We can explicitly specify the units we want

da = xr.DataArray([4.5, 6.7, 3.8], dims="time")
da.pint.quantify("V")
<xarray.DataArray (time: 3)>
[V] 4.5 6.7 3.8
Dimensions without coordinates: time

Or if the data has a “units” entry in its .attrs metadata dictionary, we can automatically use that to convert each variable.

For example, the xarray tutorial dataset we opened earlier has units in its attributes

ds.air.attrs['units']
'degK'

which we can automatically read with .pint.quantify():

quantified_air = ds.pint.quantify()
quantified_air
<xarray.Dataset>
Dimensions:  (time: 2920, lat: 25, lon: 53)
Coordinates:
  * lat      (lat) float32 75.0 72.5 70.0 67.5 65.0 ... 25.0 22.5 20.0 17.5 15.0
  * lon      (lon) float32 200.0 202.5 205.0 207.5 ... 322.5 325.0 327.5 330.0
  * time     (time) datetime64[ns] 2013-01-01 ... 2014-12-31T18:00:00
Data variables:
    air      (time, lat, lon) float32 [K] 241.2 242.5 243.5 ... 296.19 295.69
Attributes:
    Conventions:  COARDS
    title:        4x daily NMC reanalysis (1948)
    description:  Data is from NMC initialized reanalysis\n(4x/day).  These a...
    platform:     Model
    references:   http://www.esrl.noaa.gov/psd/data/gridded/data.ncep.reanaly...

Here we have actually gone even further, and used cf-xarray to automatically interpret cf-compliant units in the .attrs to valid pint units.

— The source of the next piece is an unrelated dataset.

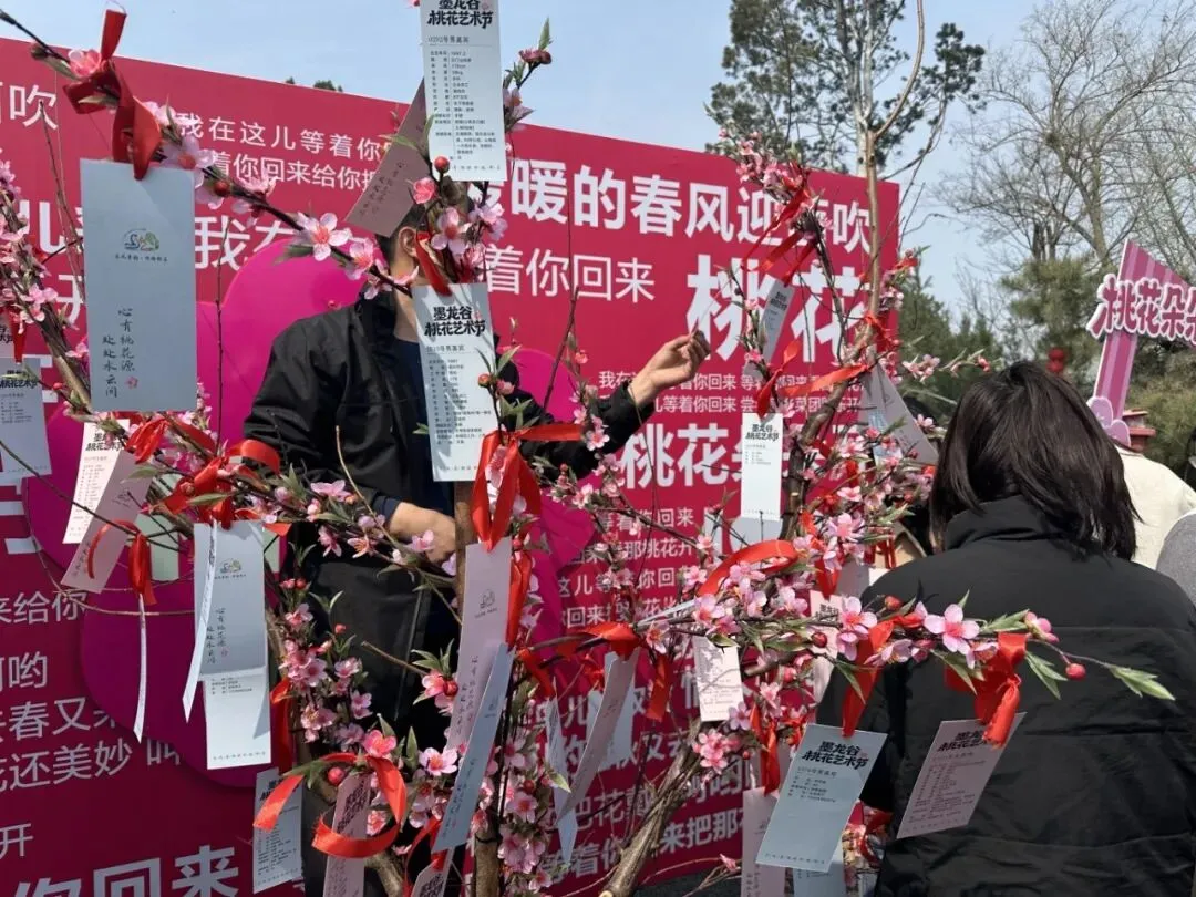 百余名青年赴盛会,千张卡笺寄初心。活动吸引了周边多家企业共146名青年职工参与,每个人的信息都被精心制成卡片,悬挂在盛放的桃花枝头。活动当天,游客们一边赏花一边翻阅卡片,遇到心仪的对象便当面交流、加深了解;现场更设趣味互动游戏,让青年们在玩乐中拉近距离、升温情愫。最终有3对嘉宾成功牵手,以桃花为媒、以春风为证,为墨龙谷的春日盛景,镌刻下最浪漫甜蜜的印记。

This automatically happened just as a result of importing cf-xarray above.

When we plot quantified data with xarray the correct units will automatically appear on the plot

quantified_air["air"].isel(time=500).plot();
../_images/dc67faa0e006e75eebe28c21b8ccb11448f4d0fd6326b29a08b956b7d06af77c.png

If we want to cast the pint arrays back to numpy arrays, we can use .pint.dequantify(), which will also write the current units back out to the .attrs["units"] field

quantified_air.pint.dequantify()
<xarray.Dataset>
Dimensions:  (time: 2920, lat: 25, lon: 53)
Coordinates:
  * lat      (lat) float32 75.0 72.5 70.0 67.5 65.0 ... 25.0 22.5 20.0 17.5 15.0
  * lon      (lon) float32 200.0 202.5 205.0 207.5 ... 322.5 325.0 327.5 330.0
  * time     (time) datetime64[ns] 2013-01-01 ... 2014-12-31T18:00:00
Data variables:
    air      (time, lat, lon) float32 241.2 242.5 243.5 ... 296.5 296.2 295.7
Attributes:
    Conventions:  COARDS
    title:        4x daily NMC reanalysis (1948)
    description:  Data is from NMC initialized reanalysis\n(4x/day).  These a...
    platform:     Model
    references:   http://www.esrl.noaa.gov/psd/data/gridded/data.ncep.reanaly...

Exercise 22

Write a function which will raise a pint.DimensionalityError if supplied with Xarray DataArray with the wrong units.

Exercise 23

Try this on some of your data!

After you have imported pint-xarray (and maybe cf-xarray) as above, start with something like

ds = xr.open_dataset(my_data).pint.quantify()

Take a look at the pint-xarray documentation or the pint documentation if you get stuck.

The wider world…#

There are many other libraries in the wider xarray ecosystem. For a list of a few packages we particularly like for geoscience work see here, and for a more exhaustive list see here.